(Information provided Opens)

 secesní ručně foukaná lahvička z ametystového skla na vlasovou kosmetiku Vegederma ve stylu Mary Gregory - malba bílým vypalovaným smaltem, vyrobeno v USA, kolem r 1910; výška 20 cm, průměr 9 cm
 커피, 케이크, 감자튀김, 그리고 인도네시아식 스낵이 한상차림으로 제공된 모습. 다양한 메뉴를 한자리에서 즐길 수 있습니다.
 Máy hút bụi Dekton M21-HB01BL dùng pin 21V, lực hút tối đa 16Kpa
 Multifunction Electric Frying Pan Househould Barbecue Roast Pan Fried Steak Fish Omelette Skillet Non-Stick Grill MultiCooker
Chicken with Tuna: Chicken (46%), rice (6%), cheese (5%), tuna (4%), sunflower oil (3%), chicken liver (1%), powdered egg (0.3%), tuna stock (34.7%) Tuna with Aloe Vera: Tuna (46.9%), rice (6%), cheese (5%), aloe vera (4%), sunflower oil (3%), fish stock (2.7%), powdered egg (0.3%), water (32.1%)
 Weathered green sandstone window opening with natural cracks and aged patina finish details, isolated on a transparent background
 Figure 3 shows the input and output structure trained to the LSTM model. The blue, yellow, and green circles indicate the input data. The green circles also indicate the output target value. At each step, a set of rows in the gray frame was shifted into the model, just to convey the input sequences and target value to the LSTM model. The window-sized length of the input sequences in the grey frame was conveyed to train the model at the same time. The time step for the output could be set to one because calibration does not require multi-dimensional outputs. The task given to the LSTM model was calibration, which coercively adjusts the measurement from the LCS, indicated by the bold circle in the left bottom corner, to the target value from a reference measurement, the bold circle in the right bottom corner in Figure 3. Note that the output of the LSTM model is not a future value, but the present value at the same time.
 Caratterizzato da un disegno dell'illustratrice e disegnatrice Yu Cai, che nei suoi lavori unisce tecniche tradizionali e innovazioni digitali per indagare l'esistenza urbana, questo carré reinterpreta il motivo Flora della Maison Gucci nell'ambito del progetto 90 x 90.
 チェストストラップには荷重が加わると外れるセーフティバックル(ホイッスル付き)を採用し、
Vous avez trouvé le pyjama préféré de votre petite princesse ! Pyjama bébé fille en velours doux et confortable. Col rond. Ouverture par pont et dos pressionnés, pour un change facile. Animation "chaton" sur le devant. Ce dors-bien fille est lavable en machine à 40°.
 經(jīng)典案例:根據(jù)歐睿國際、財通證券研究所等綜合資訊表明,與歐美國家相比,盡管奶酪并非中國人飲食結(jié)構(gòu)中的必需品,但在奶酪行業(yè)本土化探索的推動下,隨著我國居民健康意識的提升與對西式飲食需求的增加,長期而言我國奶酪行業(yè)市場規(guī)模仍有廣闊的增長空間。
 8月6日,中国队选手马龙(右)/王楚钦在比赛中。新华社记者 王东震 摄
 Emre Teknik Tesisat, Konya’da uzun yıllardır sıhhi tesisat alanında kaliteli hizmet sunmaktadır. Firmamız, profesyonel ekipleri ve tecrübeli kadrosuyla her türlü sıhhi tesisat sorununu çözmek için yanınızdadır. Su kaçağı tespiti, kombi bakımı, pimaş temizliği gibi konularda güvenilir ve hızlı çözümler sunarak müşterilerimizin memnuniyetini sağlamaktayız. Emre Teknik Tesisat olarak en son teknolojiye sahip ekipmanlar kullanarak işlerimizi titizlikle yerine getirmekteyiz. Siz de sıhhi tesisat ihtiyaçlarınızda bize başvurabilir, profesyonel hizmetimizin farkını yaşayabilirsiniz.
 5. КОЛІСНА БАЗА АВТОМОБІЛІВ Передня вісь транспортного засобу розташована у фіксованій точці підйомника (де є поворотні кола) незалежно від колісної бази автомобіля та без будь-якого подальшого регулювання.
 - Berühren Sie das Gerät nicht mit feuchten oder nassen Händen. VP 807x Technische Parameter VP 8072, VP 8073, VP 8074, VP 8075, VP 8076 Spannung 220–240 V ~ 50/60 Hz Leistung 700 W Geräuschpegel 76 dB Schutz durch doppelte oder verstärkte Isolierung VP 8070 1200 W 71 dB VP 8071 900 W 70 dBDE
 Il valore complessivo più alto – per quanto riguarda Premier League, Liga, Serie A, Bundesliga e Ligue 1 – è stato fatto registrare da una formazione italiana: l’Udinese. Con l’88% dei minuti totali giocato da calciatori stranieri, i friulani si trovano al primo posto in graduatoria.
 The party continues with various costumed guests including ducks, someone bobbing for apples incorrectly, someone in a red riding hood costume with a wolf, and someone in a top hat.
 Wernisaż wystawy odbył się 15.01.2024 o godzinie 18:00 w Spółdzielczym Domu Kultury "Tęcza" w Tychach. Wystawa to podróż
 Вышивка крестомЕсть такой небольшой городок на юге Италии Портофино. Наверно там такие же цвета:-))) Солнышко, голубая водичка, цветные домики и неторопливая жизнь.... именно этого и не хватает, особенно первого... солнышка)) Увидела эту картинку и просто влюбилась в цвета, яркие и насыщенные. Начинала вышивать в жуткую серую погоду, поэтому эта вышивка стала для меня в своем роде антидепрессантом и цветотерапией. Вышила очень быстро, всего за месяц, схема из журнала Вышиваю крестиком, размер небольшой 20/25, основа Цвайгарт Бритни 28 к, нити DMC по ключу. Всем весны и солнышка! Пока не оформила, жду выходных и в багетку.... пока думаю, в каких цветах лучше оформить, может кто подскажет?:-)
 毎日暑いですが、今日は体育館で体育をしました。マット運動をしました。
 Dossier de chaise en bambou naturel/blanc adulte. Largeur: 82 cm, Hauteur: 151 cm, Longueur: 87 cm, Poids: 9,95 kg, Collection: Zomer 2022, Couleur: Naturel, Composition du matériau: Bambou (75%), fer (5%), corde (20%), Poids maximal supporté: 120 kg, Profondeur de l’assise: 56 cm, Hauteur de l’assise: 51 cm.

(Information provided Closes)

— Your goal —
Using the listing, filter for "with" and return the matching lines.

— Solution —
Chicken with Tuna: Chicken (46%), rice (6%), cheese (5%), tuna (4%), sunflower oil (3%), chicken liver (1%), powdered egg (0.3%), tuna stock (34.7%) Tuna with Aloe Vera: Tuna (46.9%), rice (6%), cheese (5%), aloe vera (4%), sunflower oil (3%), fish stock (2.7%), powdered egg (0.3%), water (32.1%)
 Weathered green sandstone window opening with natural cracks and aged patina finish details, isolated on a transparent background
 The party continues with various costumed guests including ducks, someone bobbing for apples incorrectly, someone in a red riding hood costume with a wolf, and someone in a top hat.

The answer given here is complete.